Thursday, April 30, 2009

Click

So last week I turned off the TV. This is not really an unusual thing: I turn off the TV all the time, usually forty minutes or so after I turn it on. Last week, though, the sucker stayed off. I even unplugged it, in case of overweening temptation.

(I've discovered that one of the best weapons to deploy in the service of thwarting a vice is another vice: a little laziness will go a long way toward preventing me from inhaling seventeen bags of chocolate chips. Or in this case, the Five O' Clock Weather Update.)

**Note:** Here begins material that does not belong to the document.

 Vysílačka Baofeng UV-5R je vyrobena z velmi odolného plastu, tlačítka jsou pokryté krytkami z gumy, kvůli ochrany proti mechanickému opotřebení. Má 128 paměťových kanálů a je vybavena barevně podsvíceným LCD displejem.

Yes, it was TV Turn-Off Week, and the Aphaeresis household signed on with a soupcon of trepidation and a sh**load of self-righteousness. I was going to love life without TV! (Or, more accurately, without the DVDs of TV I order through Netflix because commercials make me crumudgeonly.) I was going to sing and dance and frolic through my freed up time! Loosed from the demonic tractor beam of the television, I would discover new hobbies, finish my novel, cure cancer, etc.! And still be in bed by 10!

In actuality, I was in bed by 9:30, which was kind of nice. Also nice was the quiet of the evenings, the slower pace at which they unfolded. The light lasts a long time at this time of year in Indiana, and without the TV, I saw each gradation, every stair of the flight down to dark. I read a little more. I listened to the radio and played a board game or two.

But productive? I was as productive as a furloughed auto worker on dope. And I think I've figured out why. After a long, hard slog at work, TV offers you a mental respite, a secluded lot in which you can park your conscious self while the rest of you makes out in the back seat. Freed from TV, I promptly sought out alternative places to park the noggin: trashy novels, crossword puzzles, cookbooks...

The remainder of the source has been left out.